My role was to stabilize the system without disrupting feature delivery — installing architectural foundations, aligning design and code, and formalizing governance so Beacon could scale with the organization.
Rather than replacing the house, we lifted it and rebuilt the foundation while people were still living inside.
Ad-hoc additions.
Manual enforcement.
Drift between design and code.
Tokenized foundation.
Shared infrastructure.
Governed scale.
Sole Design Lead for Beacon (Live Product Design System)
Partnered 1:1 with a dedicated Design Systems Engineer
Accountable for system architecture, governance, and adoption across products
Beacon had no formal ownership prior to this role.
Beacon functioned, but every new feature increased fragility.
No token system or layered architecture
Fragmented product codebases
Ad hoc component edits across teams
Increasing design–engineering drift
80+ unresolved support requests
No formal intake, roadmap, or release cadence
Consistency relied heavily on institutional knowledge and manual enforcement. The system existed, but it wasn’t built to scale.
The turning point was moving from maintenance to infrastructure.
I introduced a layered token model to create a shared foundation between Figma and React:
Primitive tokens (raw values)
Semantic/global tokens (brand and usage intent)
Component-level mappings (controlled overrides)
Tokens were shipped into a new centralized Beacon codebase, replacing fragmented product-level implementations.
This established parity between design and engineering and created a single source of truth.
Rather than pausing feature delivery for a full rewrite, we worked incrementally.
Audited the ecosystem and prioritized 13 high-impact components
Re-architected for flexibility, modularity, and accessibility
Removed brittle variant logic and nested overrides
Deprecated legacy libraries and consolidated into one shared source
This reduced detachment, improved usability, and eliminated design-to-code guesswork.
Design–engineering parity shifted from aspiration to structural default.
Structured Figma variables mapped cleanly to engineering tokens, creating design-to-code parity as a structural default rather than a manual effort.
Additional Figma file architecture and library examples can be shared in a live walkthrough due to partner confidentiality.
Stability required more than architecture.
Beacon needed ownership, workflow, and visibility.

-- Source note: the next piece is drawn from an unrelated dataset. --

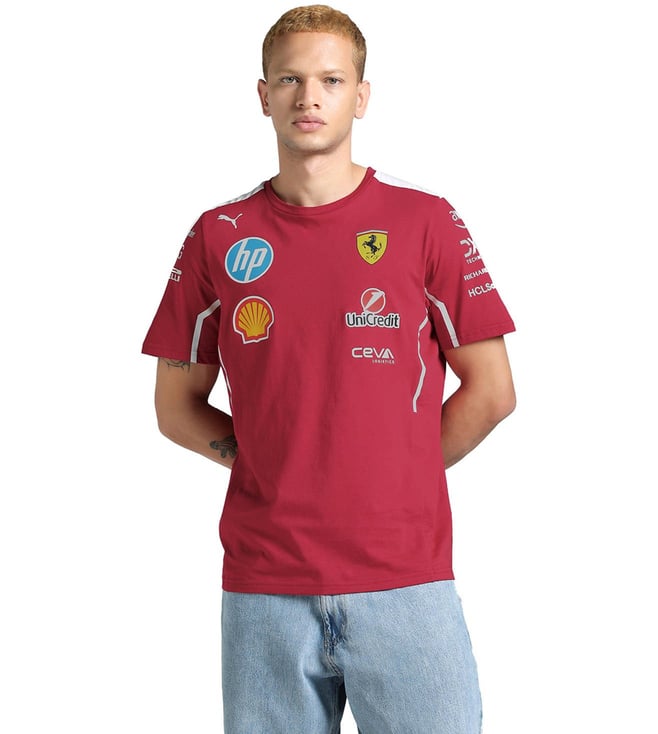 Dark Cherry Scuderia Ferrari 2025 Printed Regular Fit Motorsport T-Shirt

We formalized it as an internal product.
Dedicated designer–engineer partnership
Structured intake via a new Jira space with custom request forms
Defined triage, prioritization guidelines, and sprint cadence
Monthly release notes and cross-functional communication
Clear contribution model and governance standards
Documentation embedded where teams actually worked
Architecture without governance creates drift. Governance without architecture creates ceremony. Beacon required both.
Internal teams became active users rather than reluctant adopters.
Beacon reduced system-related friction and enabled product teams to ship with greater predictability.
Stability
13 fully tokenized, rebuilt components with design–code parity
Deprecated 8 unofficial libraries to reinforce standards
Established one unified codebase supporting shared component architecture
Reduced drift between Figma and React significantly
Velocity
104 Beacon-related tickets resolved in 5 months by a two-person team
Out-of-process requests reduced to near zero
Reduced handoff clarification and implementation ambiguity
Cleared 80+ legacy support requests
Scale
Token foundation adopted across two live products and implemented in a third emerging product
Engaged by parent organization to advise on broader token strategy for emerging enterprise design system
With the foundation stabilized, the next evolution would center on long-term system maturity:
Expanding contribution workflows while maintaining governance guardrails
Deepening enterprise token alignment across additional teams
Increasing automation between design tokens and code deployment
Scaling documentation and onboarding to support team growth
The goal was long-term resilience — not just short-term cleanup.
Beacon proved that design systems maturity is not about adding process. It’s about installing foundations that let teams move faster with less friction.